Aslı Odman: İş cinayetleri buz dağının görünen yüzü

İSİG verilerine göre geçtiğimiz yıl 2 bin işçi çalışırken hayatını kaybetti. İSİG Meclisi’nden Aslı Odman, İSİG'in verileri hakkında; "Bu buz dağının bizim görebildiğimiz yüzü" dedi.

Google Haberlere Abone ol

DUVAR - İşçi Sağlığı ve İş Güvenliği Meclisi’nin (İSİG) verilerine göre, 28 Aralık itibariyle, 2017'de 2 bin işçi çalışırken hayatını kaybetti. Geçtiğimiz yıl bu sayı senenin sonunda bin 970 olarak açıklanmıştı. OHAL ile geçen bir senenin iş cinayetlerindeki artışa etkisi yüzde 10 oldu. İSİG Meclisi’nden Aslı Odman 2017’de iş cinayetlerini anlatırken bu veriler için “Türkiye’nin utanç rekoru” ifadelerini kullandı ve ekledi: “Bu buz dağının bizim görebildiğimiz yüzü.”

Odman, Bianet'ten Tansu Pişkin'in sorularını yanıtladı...

 2016’da neydi, 2017’de ne oldu?

“İSİG Meclisi'nin aylık raporları, senelik hesaplarımız, adalet arayan işçi ailelerinin çıkardığı almanak da dahil olmak üzere hepsi buz dağının görünen yüzünü kayıt altına alabiliyor. 2016'da bin 970 işçi ölmüştü. Bugün (28 Aralık) itibariyle 2 bin işçi hayatını kaybetti.

“Dünya Sağlık Örgütü'nün oranlarını kabul edersek bunun altı misli işi meslek hastalıklarından öldü. İşyeri intiharları Türkiye'de tescil edilmiyor. Meslek hastalıkları gibi intiharların da ardında yaşananlar kanıtlanamadığı için iş yeri intiharları iş cinayeti olarak görülemiyor.
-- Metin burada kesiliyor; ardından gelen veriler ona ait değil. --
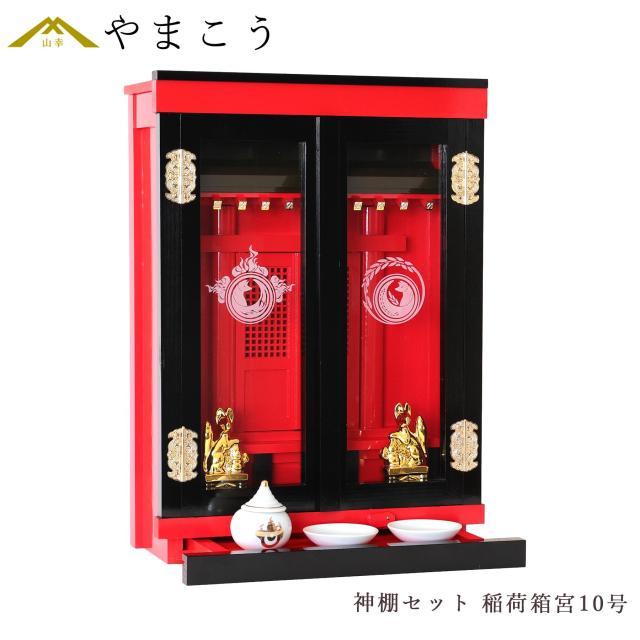 神棚 稲荷 インテリアのように 上塗り 箱宮 薄型 お稲荷専用 稲荷神明 一社宮 モダン 神具セット 黄金稲荷 一対 (代引き決済不可商品)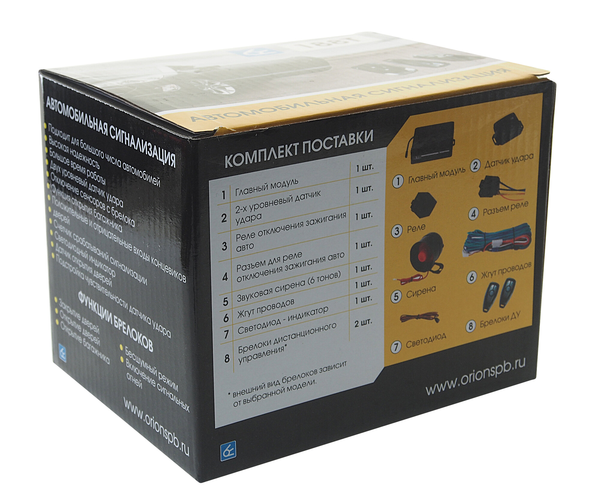 | Подробная комплектация | коробка упаковочная, инструкция по эксплуатации, блок управления 2 шт, жгут проводов, датчик удара, жгут реле, реле, сирена, провод индикации со светодиодом, скотч двусторонний большой, скотч двусторонний маленький |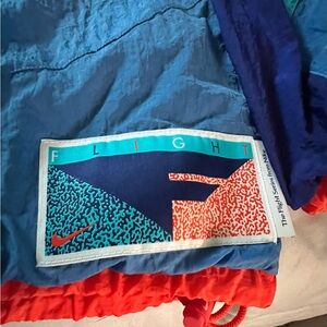 Nike flight track jacket Great condition Lined wind breaker styling Side pockets 1/2 zip front ( pullover) Tricolor (teal, purple, orange) Size 3X Drawstring at waist Arm pit 2 Arm pit = 29.5” Pet & smoke free home 🏠 Fast shipping!!!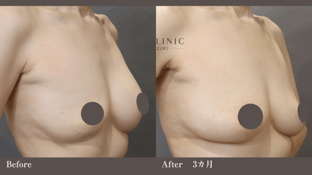 大腿前半周+腰から脂肪吸引を行い、生食バッグ(大胸筋下)を下縁から取り出し、コンデンスリッチ脂肪豊胸を行いました。その後、育胸の脂肪注入を追加しています。240mlの生食バッグが入っていました。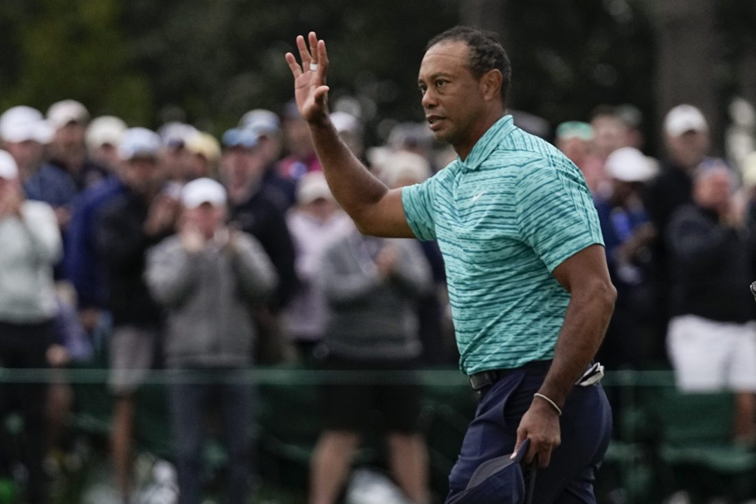 - AP Photo Tiger Woods waves to the gallery after putting out on the 18th green during the second round at the Masters golf tournament on Friday in Augusta, Ga.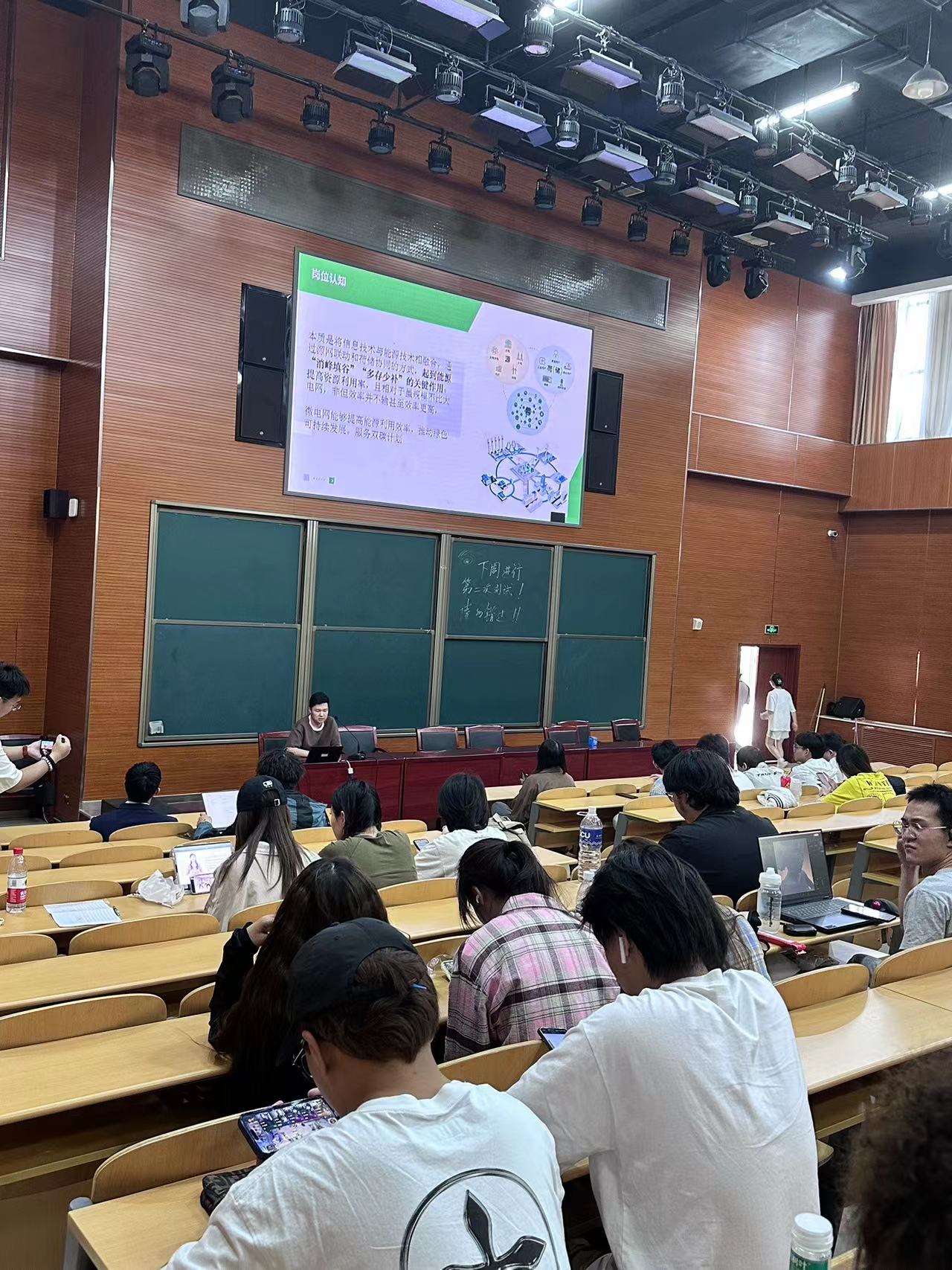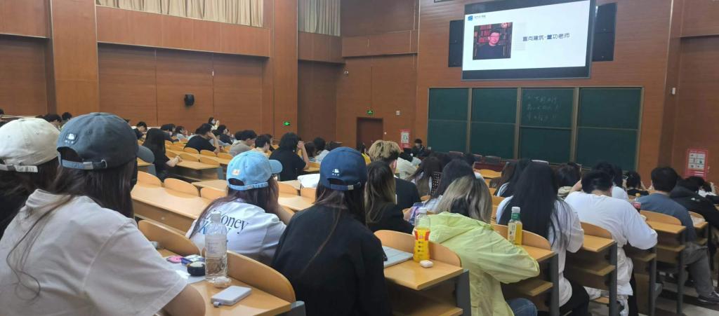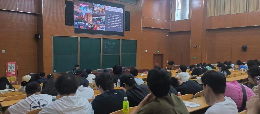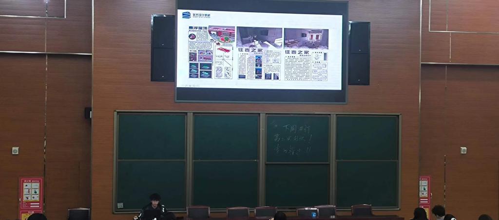 在分享交流中,來自藝術設計學部22環境設計專業的曹佳旺同學將自己參加市級比賽并獲獎的經歷予以分享。他詳細介紹了項目的選題、策劃、實施以及團隊協作等方面的要點和技巧。同時,還分享了在比賽中遇到的困難和挑戰,以及如何克服這些困難的方法和策略。這些優秀的藝術學子們展現出的創新思維和實踐能力讓現場在做的學生驚嘆不已。他們敢于將想法付諸實踐,不畏困難,積極探索,這種精神也感染了現場的聽眾。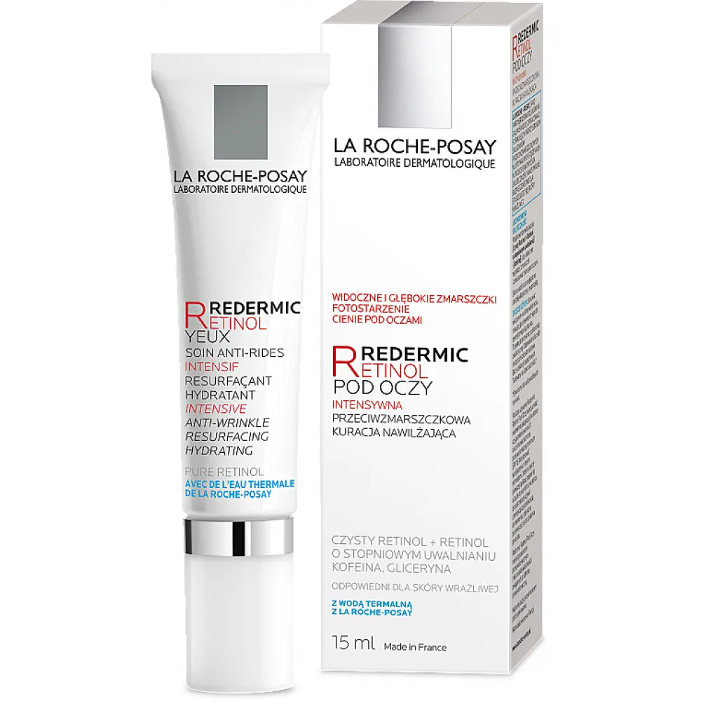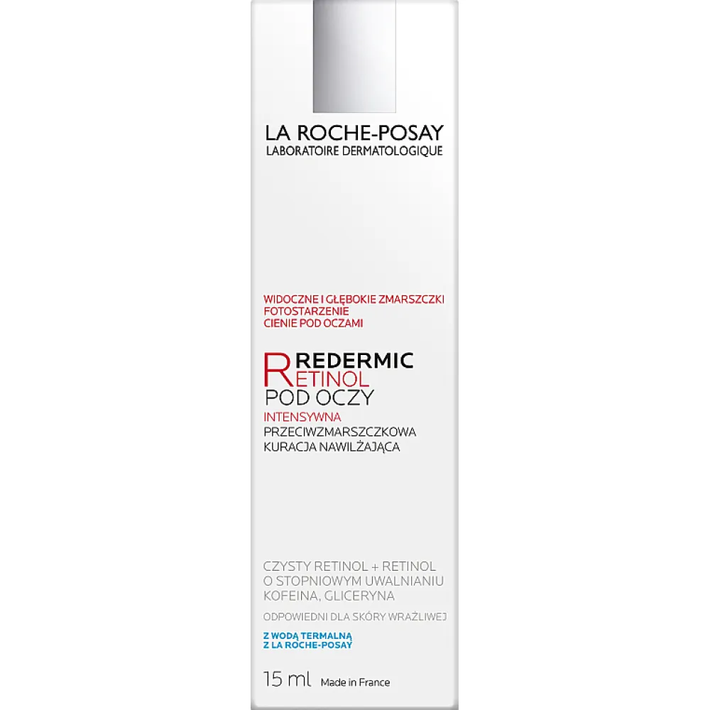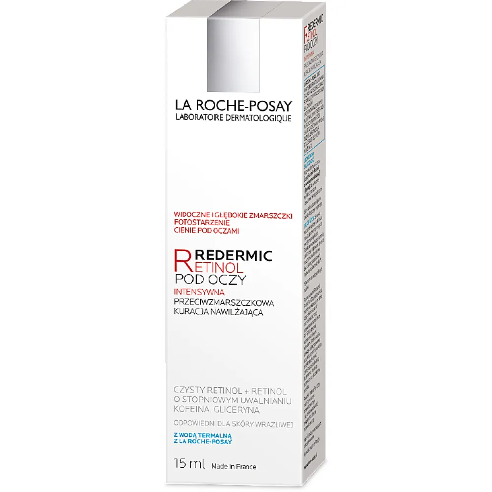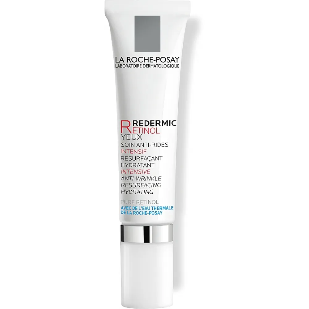 Продукт ефективно бореться з початковими ознаками старіння та містить Ретинол і Кофеїн для максимальної ефективності. Він забезпечує негайний видимий ефект ліфтингу, розгладжуючи зморшки, тонкі лінії та "гусячі лапки" навколо очей. Крім того, він усуває темні кола та мішки під очима, зменшуючи передчасні пошкодження від сонця. Кофеїн у складі допомагає очистити тьмяний колір обличчя та ознаки втоми. Продукт також збагачений термальною водою La Roche-Posay, яка надає заспокійливий та зволожуючий ефект на шкіру. Підходить навіть для чутливої зони навколо очей і пройшов дерматологічні випробування. Продукт не містить олій та парабенів.
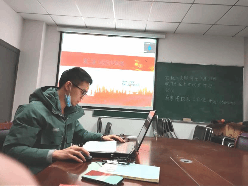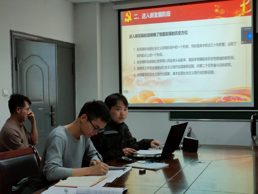 农业机械化工程与装备研究生第二党支部在工程楼B201线上线下同步开展了题为“学懂弄通新思想 勤读力耕新担当”的主题党日活动。活动由支部书记张帅主持,离校党员通过线上视频会议参与活动。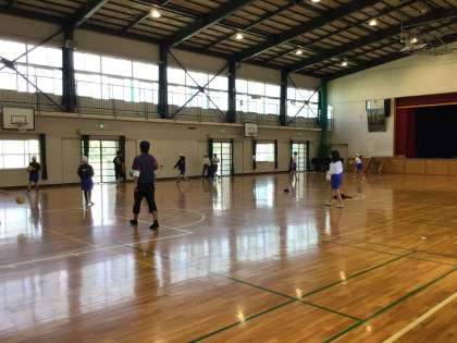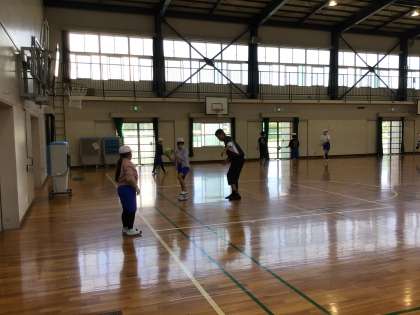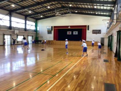 6の2 体育です。 ボールの投げ方。 腕と反対の足を前に出して! 斜め上にね。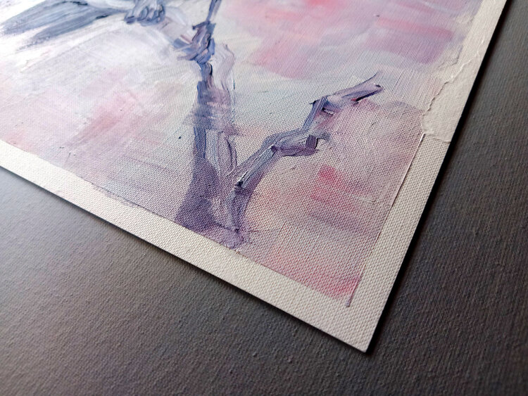 Questa è una grafica originale al 100%, non è una stampa o una copia! Dipinto a olio di piccole dimensioni 9,4"x12,6"/24x32 cm su carta con trama a tela. Un dipinto dai colori brillanti, ideale per piccoli spazi. Senza cornice è l'ideale da appoggiare su uno scaffale o puoi inserirlo in una cornice per foto decorata per un impatto ancora maggiore. Il dipinto può essere facilmente tagliato per adattarsi al telaio standard. L'arte è in vendita senza1

OHAL sonrası somut bir şekilde kişinin elinden işinin alınması sonucu gerçekleşen intiharları sayabiliyoruz ama onun dışında kalanlar belgelenemiyor.

'İŞİ REDDETME HAKKINI KULLANMAK İMKANSIZ HALE GELDİ'

Odman, iş cinayetleri ve işçi haklarıyla ilgili de şöyle konuştu: “OHAL işçinin hakkını savunmasını gittikçe imkansız hale getiren hukuki ve sosyal bir sistem yarattı. Nasıl politik düzlemde otoriterleşme artıyorsa işyeri zemininde de buradan alınan hakla otoriterleşme artıyor. Bu da işçilerin bedeninde ve psikolojisinde çok daha büyük baskılara neden oluyor.

Bu sene iş cinayetlerinin artmasının en büyük nedeni de işçilerin canlarını korumak için ufak bir söz söylemesi ya da iş kanunundan gelen tehlikeli işi reddetme hakkını kullanmasının artık imkansız hale gelmiş olması. Zaten Türkiye'nin verili şartlarında çok zordu. Bunun üzerine meşrulaştırılmış otoriter rejim gelince ve devlet bir bütün olarak şirket gibi davranınca insanlar 'verimlisin ya da yoksun' seçeneğiyle karşı karşıya bırakılıyor."

'OHAL İŞÇİNİN DE SESİNİ KESİYOR'

"İş cinayetlerindeki yüzde 10 artışın en çok örgütlü, daha güvenceli çalışan, erkek sanayi işçilerinde olduğunu görüyoruz. Ama bu diğerleri ölmüyor demek değil aksine bizim ulaşabildiğimiz ve güvenceli çalışan kısımda bile bu denli artış varsa diğer kısımlarda çok daha fazla kişi hayatını kaybediyor anlamına geliyor. OHAL sadece sokakta yürümemeyi getirmiyor aynı zamanda işyerinde 'ben bu tehlikeli işte çalışmayacağım' diyen işçinin de sesini kesiyor."

'KHK İLE İŞ KANUNU ASKIYA ALINDI'

“KHK ile iş kanunu askıya alındı ve arabuluculuk sistemi getirildi. Bu da işçilerin iş kanunundan doğan haklarını kullanamıyor olmaları demek. Her yerde KHK kisvesi altında işçiyi ölüme götüren, işverenin gücünü arttıran eylemler yapılıyor.

Sosyal haklar ve çevre dikkate alınmadan hem daha fazla işletme kuruluyor hem de var olan işletmelerde işçiler çok daha rahat çalıştırılabiliyor. Her ne kadar iş cinayetlerinde buz dağının ucunu belgeleyebilsek bile bizim ulaşabildiğimiz rakamlar bile artıyor."